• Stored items
****

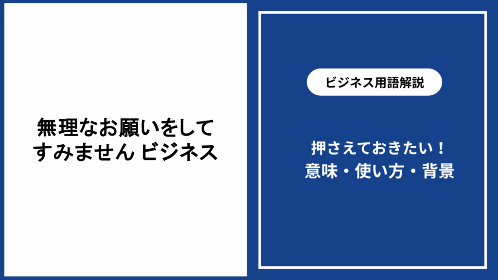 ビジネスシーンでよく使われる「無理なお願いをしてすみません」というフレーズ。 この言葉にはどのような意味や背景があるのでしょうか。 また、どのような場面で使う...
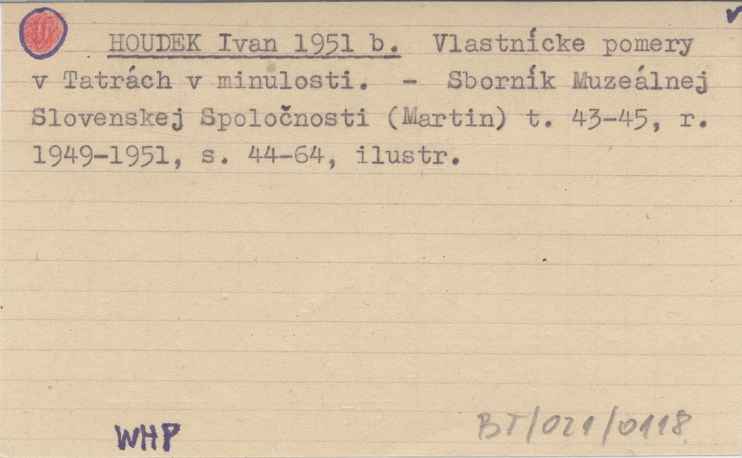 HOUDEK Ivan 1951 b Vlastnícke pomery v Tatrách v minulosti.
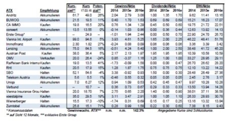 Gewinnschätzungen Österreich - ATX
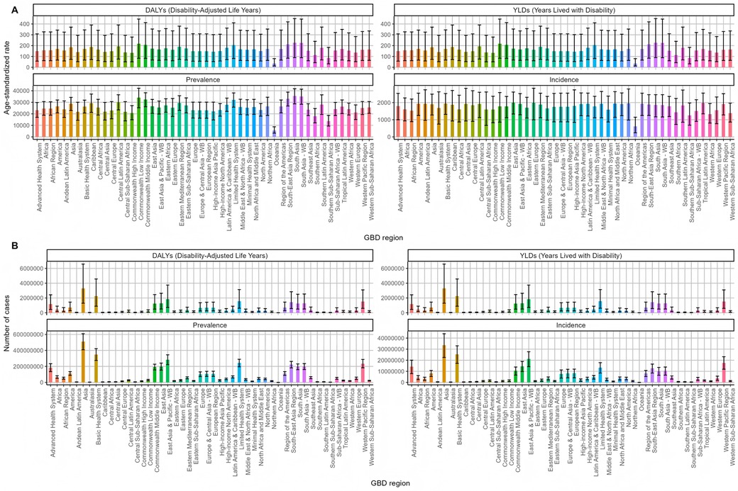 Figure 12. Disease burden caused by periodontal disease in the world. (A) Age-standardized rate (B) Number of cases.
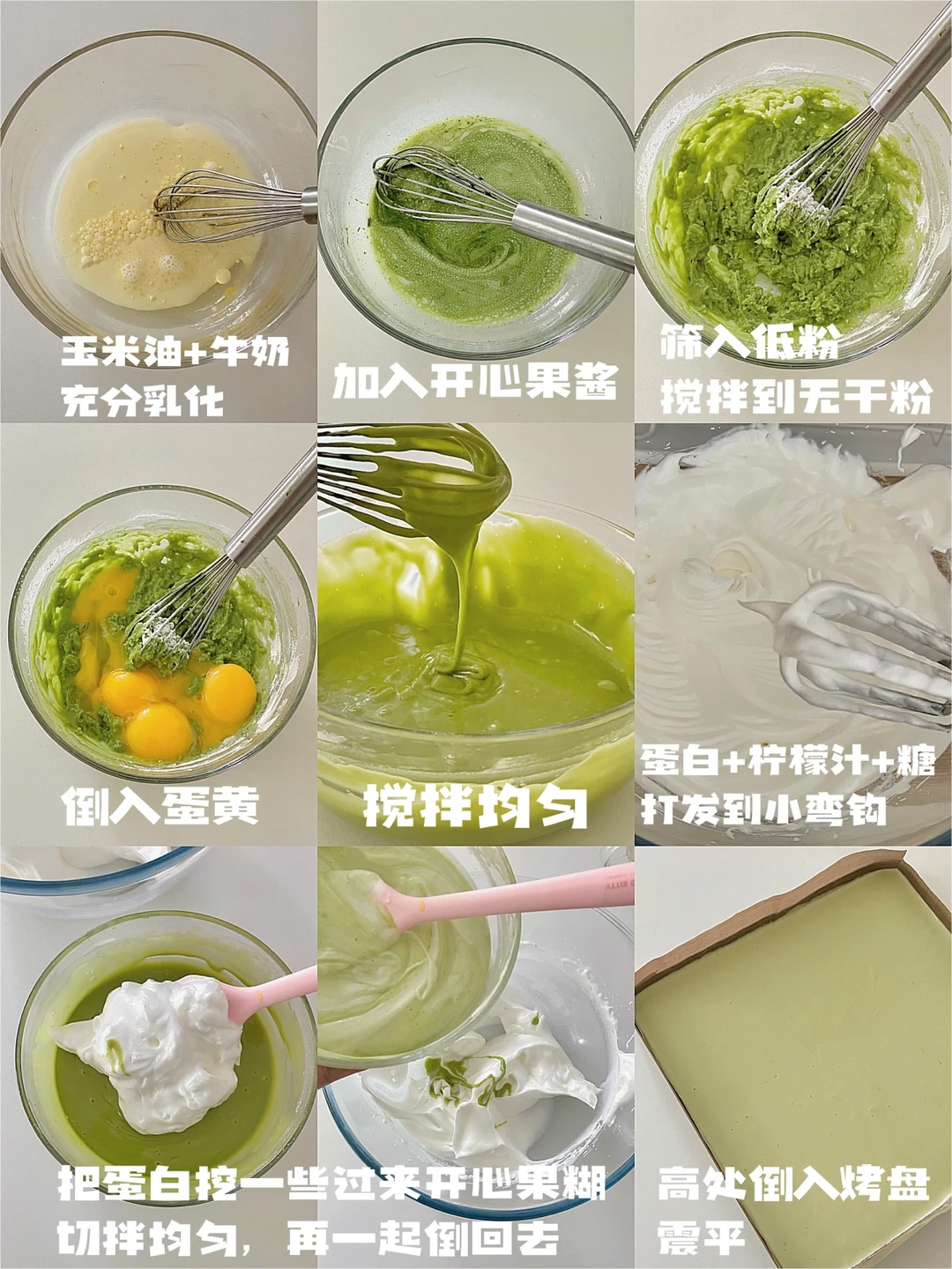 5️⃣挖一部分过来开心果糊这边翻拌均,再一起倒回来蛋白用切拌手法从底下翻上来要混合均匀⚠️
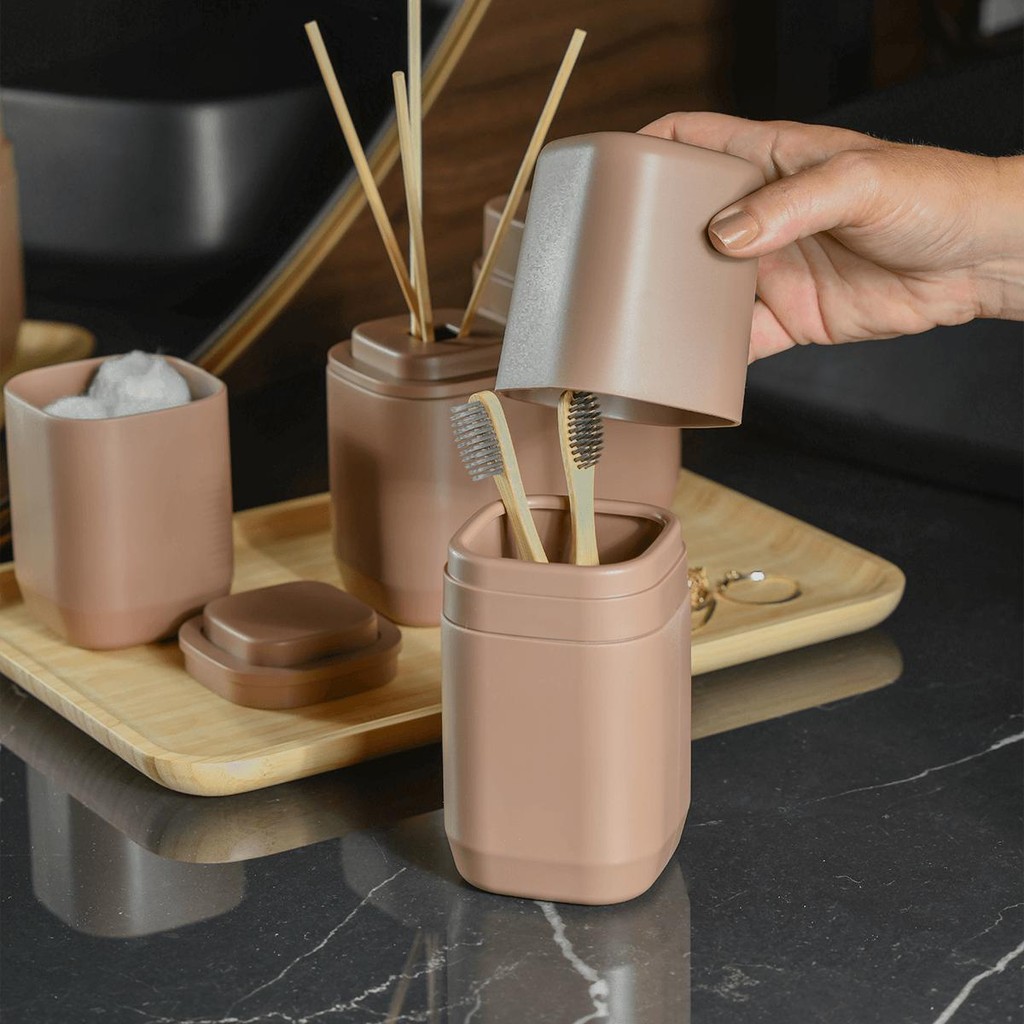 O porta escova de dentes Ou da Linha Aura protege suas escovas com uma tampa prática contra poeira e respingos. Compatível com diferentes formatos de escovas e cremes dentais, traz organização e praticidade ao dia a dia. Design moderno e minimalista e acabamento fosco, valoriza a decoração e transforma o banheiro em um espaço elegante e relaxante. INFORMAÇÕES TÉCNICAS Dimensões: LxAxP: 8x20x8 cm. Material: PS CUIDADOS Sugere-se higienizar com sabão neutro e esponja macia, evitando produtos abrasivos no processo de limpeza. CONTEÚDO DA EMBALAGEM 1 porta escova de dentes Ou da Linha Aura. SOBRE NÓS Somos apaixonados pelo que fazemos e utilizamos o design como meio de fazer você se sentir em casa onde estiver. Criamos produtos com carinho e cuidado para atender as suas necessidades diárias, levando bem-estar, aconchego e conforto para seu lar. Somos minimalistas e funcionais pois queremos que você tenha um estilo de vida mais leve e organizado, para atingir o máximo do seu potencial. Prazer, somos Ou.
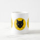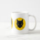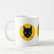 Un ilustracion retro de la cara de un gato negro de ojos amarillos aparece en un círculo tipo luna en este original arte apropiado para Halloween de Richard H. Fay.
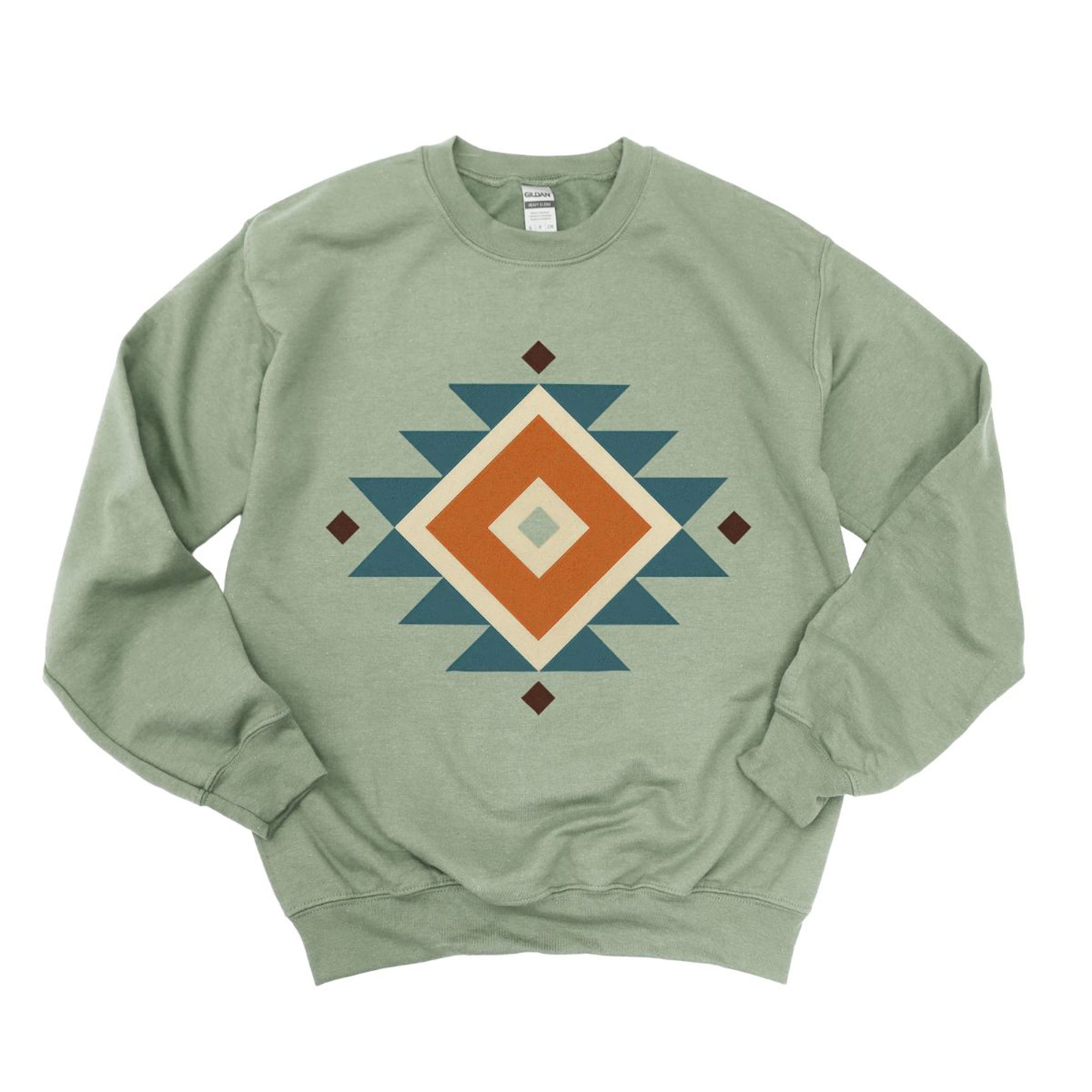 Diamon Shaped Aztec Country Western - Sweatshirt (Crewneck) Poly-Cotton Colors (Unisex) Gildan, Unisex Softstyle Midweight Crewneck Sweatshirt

****

• Directions
Go to the line above that has "Figure 12. Disease" and copy exactly from there down to the line that has "5️⃣挖一部分过来开心果糊这", both included. Leave the pictures out.

• Task solution
 Figure 12. Disease burden caused by periodontal disease in the world. (A) Age-standardized rate (B) Number of cases.
 5️⃣挖一部分过来开心果糊这边翻拌均,再一起倒回来蛋白用切拌手法从底下翻上来要混合均匀⚠️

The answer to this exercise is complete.